IV. Plaintiff's Claims of Excessive Force and Retaliation Against Defendants Barajas, Medrano and Vasquez
Plaintiff has alleged that defendants Vasquez, Medrano and Barajas used excessive force against him on February 4, 2011 by shooting and pepper-spraying him and forcing him to lie in the spray for more than forty minutes. ECF No. 25 at 74. He further alleges that in retaliation for his complaining about this incident, these defendants threw away the property in his cell. Id . Plaintiff filed 602 appeals and staff complaints against Vasquez, Medrano and Barajas on February 7, 2011, February 14, 2011 and February 27, 2011, in retaliation for which they "locked [him] up." Id.

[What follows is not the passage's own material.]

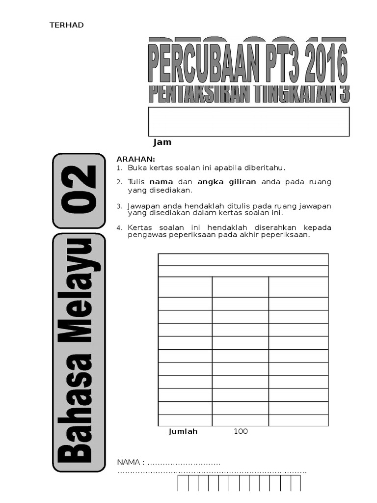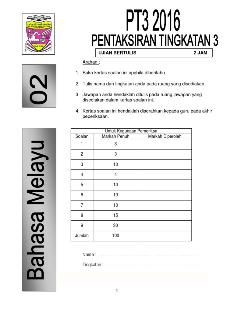 . Contoh Soalan Pt3 Bahasa Melayu 2022. BAHASA MELAYU 1 TINGKATAN 2 1 jam. Karangan bahasa melayu Stpm Contoh Laporan 2017.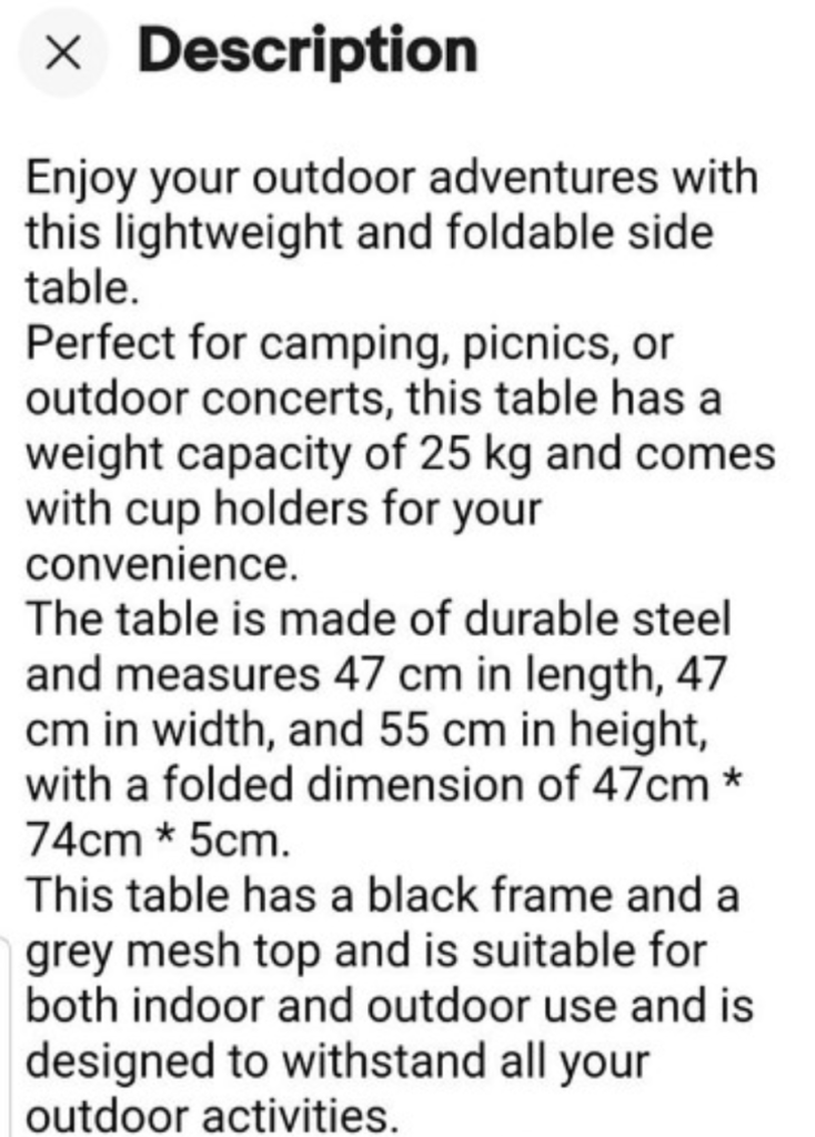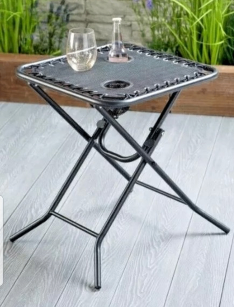 Posting for 12+ yearsNew Black & Grey fold up table with 2 cup holders for Indoor or outdoor

Defendants Vasquez, Medrano and Barajas counter that they neither shot nor pepper-sprayed plaintiff, who was a bystander to the fighting that precipitated their use of force against other inmates on February 4, 2011. MSJ, ECF No. 121-1 at 2. Defendants contend that if plaintiff was exposed to pepper spray or struck by a ricocheting round, this was an unintended consequence of their necessary use of force against three other inmates who were fighting. Id.
A. Legal Principles Governing Eighth Amendment Excessive Force Claim
"[W]henever prison officials stand accused of using excessive physical force in violation of the [Eighth Amendment], the core judicial inquiry is... whether force was applied in a good-faith effort to maintain or restore discipline, or maliciously and sadistically to cause harm." Hudson v. McMillian , 503 U.S. 1, 6-7 (1992) (citing Whitley v. Albers , 475 U.S. 312  (1986)). When determining whether the force was excessive, we look to the "extent of the injury..., the need for application of force, the relationship between that need and the amount of force used, the threat reasonably perceived by the responsible officials, ' and any efforts made to temper the severity of a forceful response.'" Hudson, supra, at 7.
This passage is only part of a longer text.